Pour que la personne effectue un travail thérapeutique, il faut qu’elle prenne conscience que sa délinquance prend ses racines dans son propre fonctionnement psychique et que la possibilité d’un changement procède avant tout de son choix personnel d’affronter ce qu’elle a cherché à évacuer dans le passage à l’acte. Il s’agit bien d’une démarche qui fait appel avant tout à la capacité de la personne à se remettre en cause, et à affronter ses propres zones d’ombre. Tout cela dépend d’abord de sa capacité à accepter que le problème est d’abord le sien. Cela ne se programme pas.
– Vous admettez une certaine impuissance?
– Le psychiatre peut accompagner des gens qui ont ce type de difficulté, les aider à faire les liens avec une histoire souvent douloureuse et mieux comprendre pourquoi ils recourent à un acte délinquant, et en conséquence mieux anticiper les situations à risque. Effectivement le psychiatre ne peut pas faire grand-chose sans l’adhésion de son patient et la reconnaissance par celui-ci de sa responsabilité dans les actes pour lesquels il a été condamné. Il en va de la psychiatrie comme de toute la médecine. Une fois cela posé, on sait que le traitement, notamment avec des auteurs d’infractions sexuelles, lorsqu’il est mené par des professionnels expérimentés, diminue clairement les taux de récidive.
– Quelle est l’idée plus difficile à faire passer?
– Que l’obligation de soins ne fait pas de miracles, surtout avec quelqu’un qui pense que la contrainte qui lui est faite est d’abord une forme de vengeance sociale, et que l’échec thérapeutique n’est pas le fruit de l’incompétence du psychiatre ou de l’insuffisante densité du traitement. Cela dit, ce n’est pas parce qu’un prévenu est figé dans une position de déni que toute évolution est impossible. Il peut exister de véritables changements en dehors de tout parcours de soins. En ce sens la sociothérapie conserve toute sa valeur et a permis des changements appréciables et des trajectoires exemplaires.
– Vous vous êtes longtemps battu pour accroître les moyens alloués aux soins, à la recherche et à la prévention. Avec quels résultats?

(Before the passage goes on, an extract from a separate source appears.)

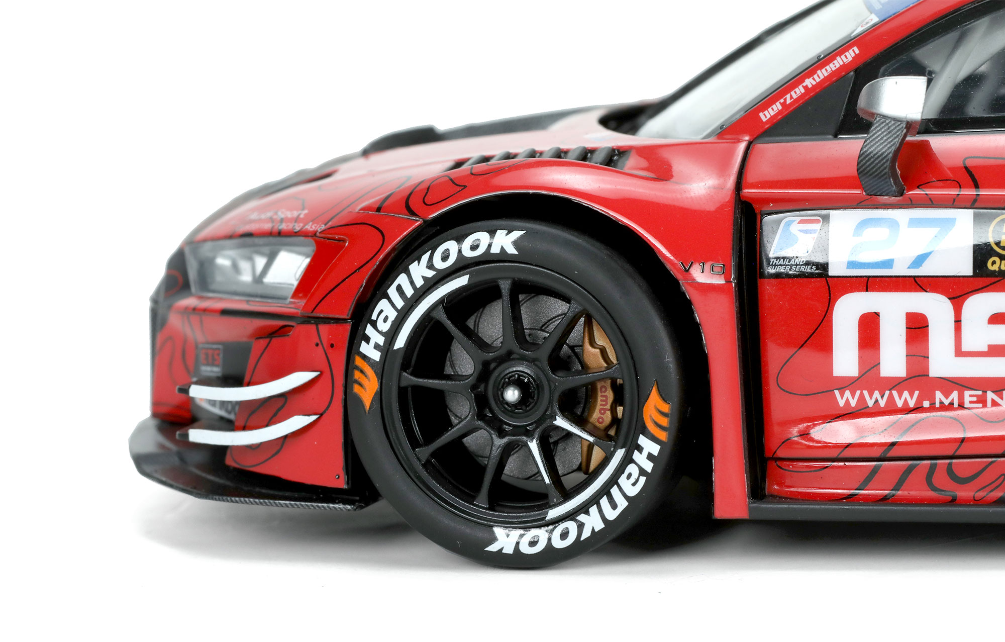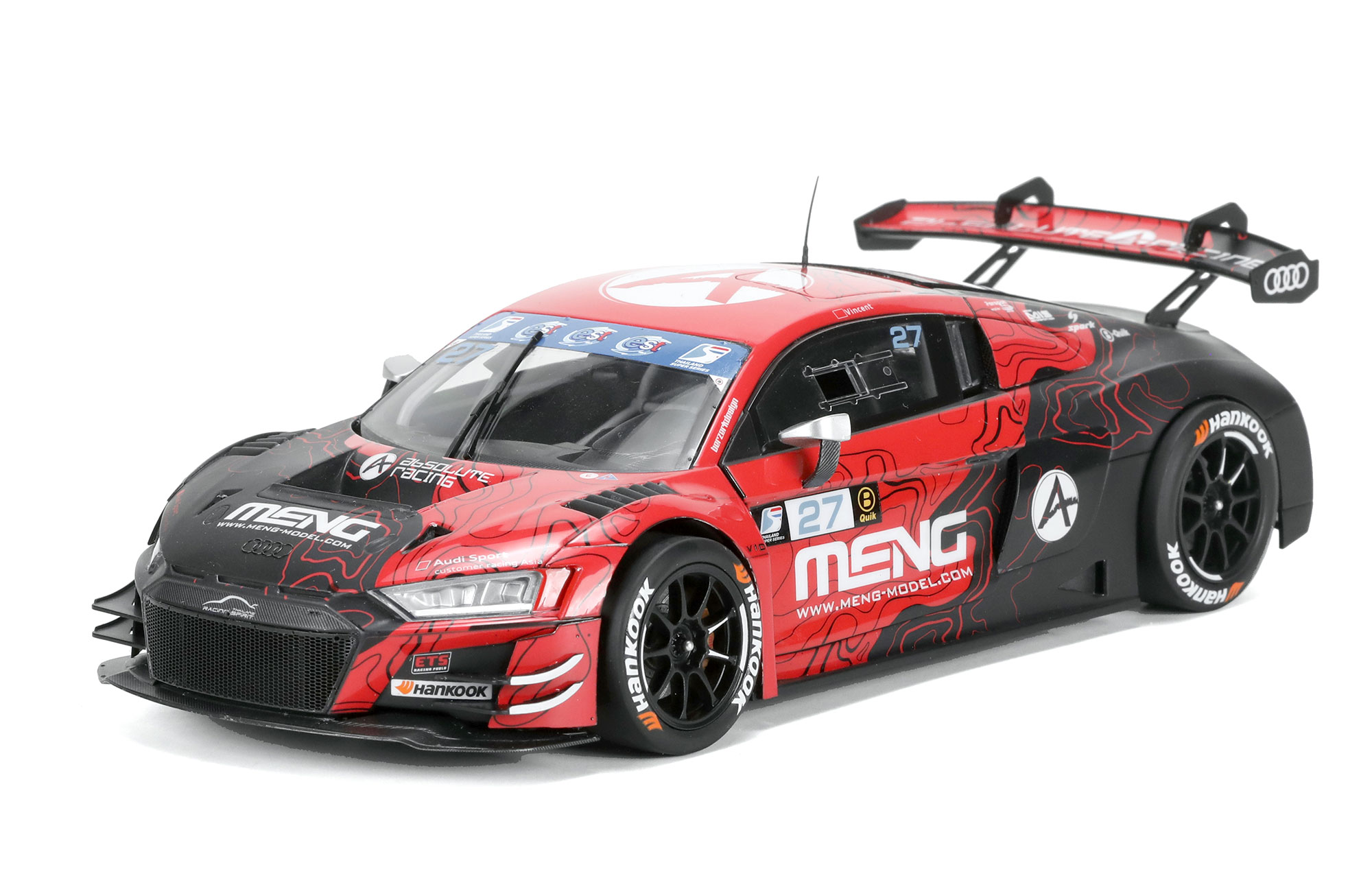 CS-009奥迪R8 LMS GT3 Evo II是MENG与奥迪联合推出的1/24拼装模型套件。该套件完成后,车长190毫米,宽51毫米,高83毫米。模型将Evo II全新设计的尾翼及其他升级组件忠实再现;提供可拆卸的透明发动机舱盖零件;车门可活动开合;前轮可转向;所有车灯均为透明零件。套件包含精密蚀刻片、采用织物材料制作的安全带、预裁切遮盖贴纸、用于后视镜及车标的金属贴纸。

– En vingt ans nos approches se sont étoffées, professionnalisées et nous avons pu intéresser nombre de praticiens au travail thérapeutique dans ce domaine. Compte tenu des attentes et des contraintes du Code pénal, il y a encore beaucoup d’efforts à faire pour diversifier les prises en charge et disposer des structures nécessaires. Il faut indiscutablement plus de places dans des établissements appropriés pour les détenus en grande souffrance psychique. Il faut aussi développer des formes de détention qui permettent un accompagnement thérapeutique soutenu sans rejeter certains détenus dans des établissements spécialisés, ce qui ne fait que les marginaliser et les conforter dans une vision monstrueuse d’eux-mêmes.

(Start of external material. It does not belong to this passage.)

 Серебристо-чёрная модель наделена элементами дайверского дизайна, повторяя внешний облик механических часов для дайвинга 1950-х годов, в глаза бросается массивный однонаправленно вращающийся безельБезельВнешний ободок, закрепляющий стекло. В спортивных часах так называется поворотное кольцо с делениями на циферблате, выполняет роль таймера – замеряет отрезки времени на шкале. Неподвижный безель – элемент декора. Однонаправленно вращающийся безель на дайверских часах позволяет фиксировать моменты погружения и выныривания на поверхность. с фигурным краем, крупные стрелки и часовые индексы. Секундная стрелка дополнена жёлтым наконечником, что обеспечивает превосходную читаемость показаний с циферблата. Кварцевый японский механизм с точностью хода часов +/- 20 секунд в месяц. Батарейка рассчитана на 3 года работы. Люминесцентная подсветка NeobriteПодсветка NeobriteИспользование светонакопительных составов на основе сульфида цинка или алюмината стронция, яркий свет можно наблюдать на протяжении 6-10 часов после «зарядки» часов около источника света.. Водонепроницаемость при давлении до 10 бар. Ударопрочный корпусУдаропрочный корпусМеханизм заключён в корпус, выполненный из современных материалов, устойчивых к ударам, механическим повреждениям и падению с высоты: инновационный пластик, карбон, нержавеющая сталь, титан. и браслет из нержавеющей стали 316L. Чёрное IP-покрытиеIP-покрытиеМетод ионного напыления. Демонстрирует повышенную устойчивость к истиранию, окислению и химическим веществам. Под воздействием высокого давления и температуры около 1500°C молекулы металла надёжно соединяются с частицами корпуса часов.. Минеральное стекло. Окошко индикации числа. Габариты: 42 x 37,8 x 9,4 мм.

– Des progrès ont-ils été accomplis dans la prise en charge des délinquants taxés de psychopathes?
– Il n’y a pas de molécule miracle. Les avancées se font petit à petit en travaillant des approches qui prennent mieux en considération le fonctionnement psychique particulier de ces sujets et leurs déficits émotionnels. Cela dit, la qualification de psychopathie ne correspond pas à un véritable diagnostic. Au-delà des représentations médiatiques ou cinématographiques qui brouillent les pistes, la notion de psychopathie ne repose actuellement que sur un score à une échelle. Celle-ci donne des indications utiles mais n’autorise pas à figer une personnalité dans un pronostic immuable.
– Il y a vingt ou trente ans, une peine de réclusion à perpétuité était rare et considérée comme très lourde. Aujourd’hui, notamment avec les mesures d’internement, l’attente de sanctions radicales est bien plus élevée. Quelles sont les répercussions de ce climat sécuritaire sur les prisons?
– On est dans un autre monde. Auparavant, la prison, du moins en Suisse, se concevait comme un passage vers la resocialisation. Maintenant, c’est un lieu où certains vont vivre et parfois mourir. La durée des détentions s’allonge considérablement, la population carcérale prend de l’âge, présente des pathologies de plus en plus sévères. Dans un monde où l’espoir d’un retour à la liberté s’amenuise, l’épuisement guette les professionnels confrontés à des situations beaucoup plus tendues que par le passé.